Kevin Wirick, VP & GM, video processing, Motorola Mobility

Kevin Wirick, VP & GM, video processing, Motorola Mobility

October 20, 2012 –The vendor-driven battle over digital video encoding strategies has taken a new turn with introduction of new hardware platforms touting massive processing capacity as software-based systems continue to post new gains in bitrate and distribution efficiencies.

Motorola Mobility and Imagine Communications are publicizing as-yet-unavailable transcoding systems running on purpose-built ASICs (application-specific integrated circuits) at unprecedented processing rates of 3 gigapixels and 20 gigapixels per second per rack unit, respectively, with prospects for major savings in power and space consumption as well as cost-effective approaches to expanding live multiscreen channel counts into the thousands. Meanwhile, transcoding systems designed to run on generic processors continue to make great strides, not only as a function of ever-greater processing power but as a result of advances in encoding and other software-based techniques.

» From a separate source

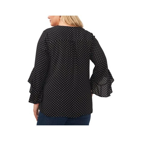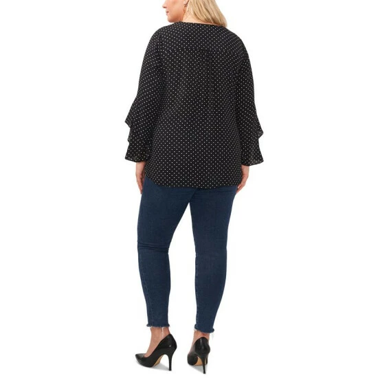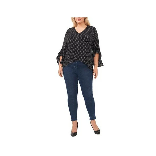 Vince Camuto combines the beauty of fluttery sleeves with the style of a crossover hem on this printed plus size top.
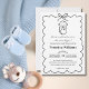 ¡Celebra tu pequeña en el camino con esta elegante y personalizable invitación a bañarse con un bebé neutro! Este moderno diseño blanco y negro presenta un ilustracion de arte de línea simple de un bebé envuelto en una manta en la parte superior, enmarcado con un elegante arco negro y un borde de cuerda para un toque moda, elegante y atemporal. Esta moderna ducha de bebé es perfecta para los padres que aman el diseño limpio con un toque de elegancia. Ya sea que usted esté organizando una reunión clásica, un brunch de moda o una moderna ducha mixta, esta invitación marca la pauta para una celebración que recordar. ¡Personalice hoy y cree un aguijón que sea tan hermoso como el día que compartirá con sus seres queridos! Busque nuestra colección para coordinar productos. El diseño es derechos de autor en diseños de estilo LLC.

Software-based systems like Elemental’s, which uses a combination of individual or hybrid CPUs and GPUs (graphics processing units), and Envivio’s, designed for Intel CPUs, have so far dominated the multiscreen streaming environment, prompting some traditional hardware-based encoder suppliers like Harmonic to develop software-based system. But as multiscreen streaming moves from the over-the-top domain into the premium service provider space Motorola and Imagine have gambled on developing hardware systems with massive processing capabilities that are meant to consolidate and cost effectively expand the range of multiscreen streaming options to include all live TV channels, including all the local broadcast channels as well as all the nationally based channels, which can add up to two or three thousand channels in the case of a Tier 1 MSO.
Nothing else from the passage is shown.